THE END OF THE OPEN RANGE
Over the past two centuries, the cattle industry in America has undergone profound change. While farmers in Colonial times commonly kept a few steers to slaughter for meat and hides, as settlers crossed the Mississippi the raising of beef became a full-time occupation. Particularly in Texas, ranchers accumulated huge acreages stocked with thousands of head of cattle. Large numbers of tough yet tractable horses were needed for vaqueros and cowboys to ride---and it helped if those same horses had at least a lick of “cow sense.”
During the cattle-drive decades immediately after the Civil War, Texas ranches drove thousands of steers north to railheads in Abilene, Dodge City and Baxter Springs in Kansas. For about 30 years, this was a hugely profitable enterprise. Already by the mid-1880s, however, cattle-drive days were numbered as railroads began to cross Texas. As the network of tracks grew, much of what had been open range was fenced, making long drives impossible.
Then came something few people anticipated: the complete takeover of agriculture by gasoline- and diesel-fueled machinery. In the 50 years between 1920 and 1970, cattle-handling activities on most ranches, including gathering, sorting, penning, doctoring, dehorning, castrating and branding, stopped being carried out from horseback. Some mega-ranches quit breeding horses and cattle as the properties were sold to wealthy entrepreneurs who wanted private hunting preserves or even testing grounds for airplanes or spaceships.
Sometimes big ranches in Texas were owned by people who really weren’t ranchers.
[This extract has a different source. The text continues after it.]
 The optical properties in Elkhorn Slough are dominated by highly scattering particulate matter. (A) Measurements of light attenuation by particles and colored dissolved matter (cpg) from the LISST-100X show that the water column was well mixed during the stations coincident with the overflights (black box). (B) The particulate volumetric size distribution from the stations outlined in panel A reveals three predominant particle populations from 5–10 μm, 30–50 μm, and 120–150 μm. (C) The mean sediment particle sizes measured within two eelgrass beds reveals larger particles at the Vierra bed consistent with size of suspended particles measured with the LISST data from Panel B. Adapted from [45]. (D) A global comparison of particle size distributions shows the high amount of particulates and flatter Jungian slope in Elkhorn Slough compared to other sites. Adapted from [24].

One such was Swante Magnus Swenson, who arrived in Austin, Texas, in 1850. There, he set up business as an overland merchant, but he was always a farmer at heart. Texas law at the time permitted anyone who held railroad certificates to file on unclaimed acreage, and Swenson bought railroad rights that by 1860 allowed him to gobble up over 128,000 acres around Austin in addition to his West Texas holdings, which came to an additional half-million acres. Such large claims could not be managed by Swenson and his two sons alone, so he arranged for the overseas passage of hundreds of other Swedish families in exchange for work. Though Swenson raised longhorns and his cowboys rode Cayuses and part-Thoroughbreds, his ranch never became known for maintaining a fine remuda. The same may be said for the huge XIT, which once controlled 3 million acres (4,687.5 square miles---more land than the states of Rhode Island and Delaware combined). The European corporation that owned the XIT, which once spanned 200 miles along the border between Texas and New Mexico in 10 Texas counties, bought it for the express purpose of developing the land into farms. Although they ran large herds of cattle, corporation managers considered this as merely a temporary way to keep their books in the black. The XIT liquidated its assets more than 100 years ago, selling off the land to ranchers, railroads and town developers.
The Y.O. Ranch in central Texas, which once had a half million acres, has shown itself to be by far the most environmentally conscious and sustainable of the old ranches that no longer make most of their living from cattle and horses. Founded in 1880 and run by the Schreiner family, the Y.O. was a traditional ranch that bred Quarter Horses and longhorn cattle until the 1950s. In 1960, however, to generate income, Charles Schreiner III and his family decided to shift into exotic animal breeding and make the ranch into a huge nature preserve.
The Y.O. lies smack in the middle of the main migrational route used by hundreds of species of North American birds, and the climate, terrain, vegetational cover and soil resemble the African savanna. A lodge was built, a professional wildlife manager was hired, university-level research began, and visitors who wanted to birdwatch, learn about prairie ecosystems or participate in supervised hunts were welcomed. When Charles Schreiner III died in 2001, the Los Angeles Times lauded him as “a bona-fide cowboy who had the business savvy of Bernard Baruch, the showmanship of P. T. Barnum, and the Texas pride of Sam Houston.”
Many Texas ranches have tried to continue in the traditional manner even though, by the 1970s, raising cattle became largely unprofitable.